4. Art. 1206 § 1 point 4 of the PCPC shall apply with regard to irregularities in the composition of an arbitral tribunal at all stages of the proceedings, including the stage of appointment of the arbitrators by the parties or a third party. This applies also to incorrect representation of these persons by appointment of the arbitrators.

5. Failure to comply with the requirements on composition of an arbitral tribunal constitutes a basis for setting aside an arbitration award regardless of its effect on the outcome of the case … .

6. Proceedings to set aside an arbitration award are proceedings separate from the prior arbitration proceedings and its aim is not to consider the dispute resolved by the arbitral tribunal on merits.

7. [S]pecific rules of representation of the defendant company in the proceedings regarding revocation or a declaration of invalidity of a shareholders’ resolution (art. 253 of the Commercial Companies Code) apply also in proceedings to set aside an arbitration award delivered in a dispute whose object is a claim for revocation or declaration of invalidity of a shareholders’ resolution.

8. The entity structure of the proceedings initiated by the petition to set aside the arbitration award, including the ability of the management board in corpore having special judicial capacity to act as a party is the same as in the prior arbitration proceedings, in which the arbitral tribunal ruled on potential defectiveness of a resolution, although procedural roles of the entities participating in the proceedings may change.
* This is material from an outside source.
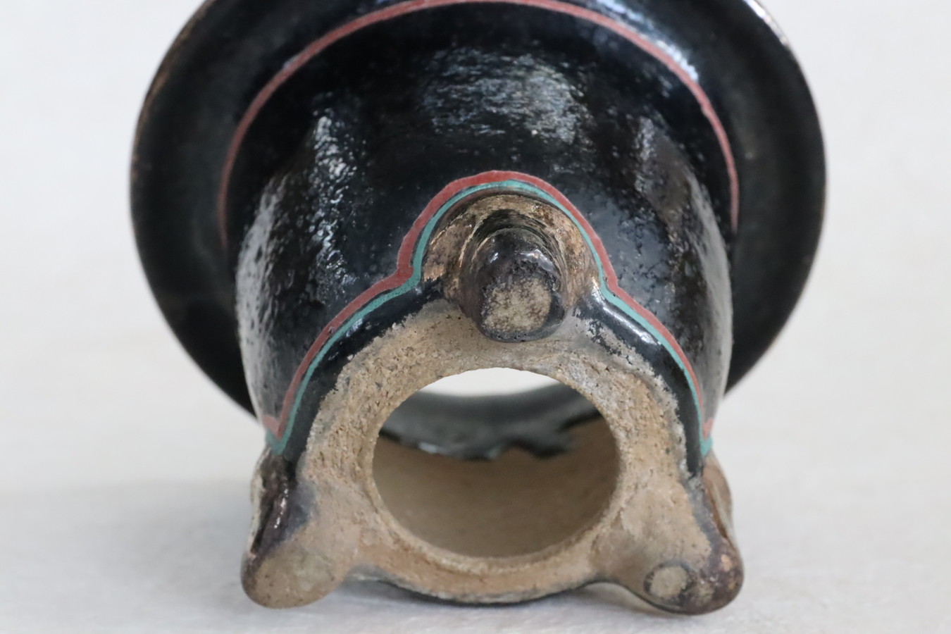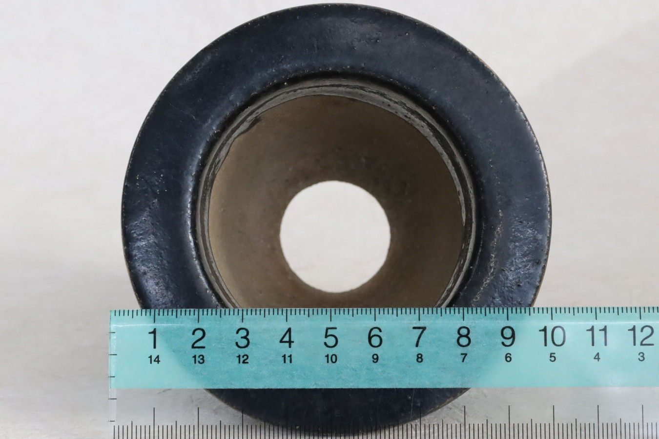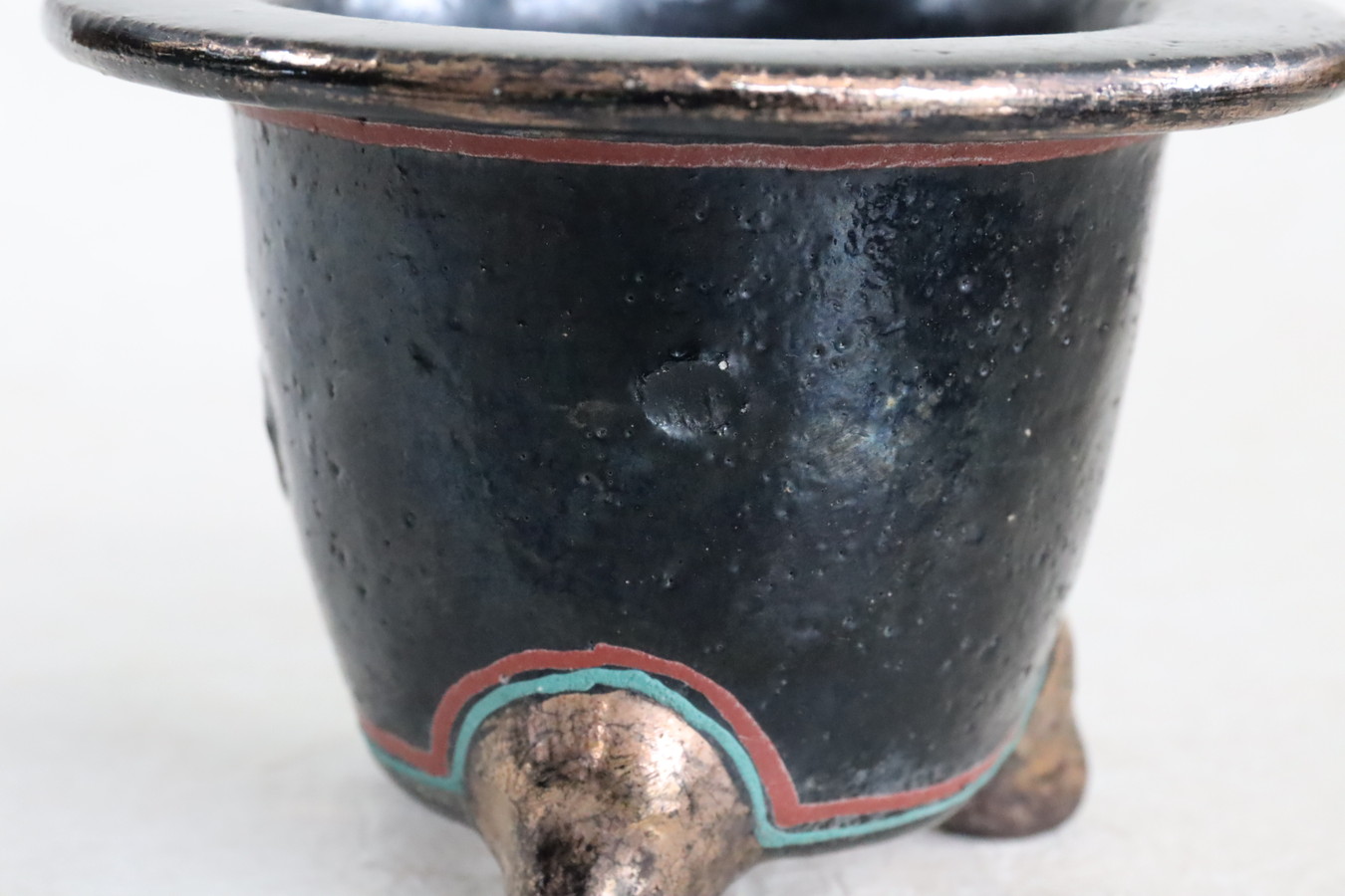 2483, 古鉢 外径約9.9cm 高さ約6.9cm 中古 ヒビ【加茂黒 はさみあと】著名な作家さんより コレクション nk

A judgement delivered in the proceedings to set aside an arbitration award is decisive for the fact whether consideration on the merits of a resolution’s effectiveness remains in force, and indirectly, whether such consideration may acquire the same permanent legal force as a judgment of a state court (Art. 1212 § 1 of the PCPC). Therefore, the same risks regarding a conflict of interests on the side of the representatives of a company, which justify application of specific rules of representation in proceedings concerning revocation or declaration of invalidity of a shareholders’ resolution, are present in proceedings to set aside the award. In conjunction with a protective function of Art. 253 § 2 of the Commercial Companies Code, the aforementioned arguments are in favor of extending those specific rules to the proceedings to set aside an arbitration award, in which the arbitral tribunal ruled on a claim for declaration of invalidity or revocation of the shareholders’ resolution, regardless of the fact whether in such proceedings a company whose shareholders have adopted the resolution is the petitioner or the other party in the dispute.

9. The grounds of a petition to set aside an arbitration award are not of a disjunctive character; they may also be in a causal relation with respect to each other… .

10. One of the fundamental principles of arbitration is the principle of equal treatment of the parties (Art. 1183 of the PCPC). The principle is of a fundamental and axiological character in arbitration… . The principle concerns not only the equal treatment of the parties in the arbitration proceedings in the context of the right to be heard and the procedural means available to the parties, but also at the stage of formation of the arbitral tribunal. A violation thereof results, i.a. from the lack of the necessary equilibrium between the parties by appointment of the arbitrators, which may result not only from the wording of the arbitration agreement (Art. 1161 § 2 of the PCPC), but also from factual circumstances in which the appointment of arbitrators takes place.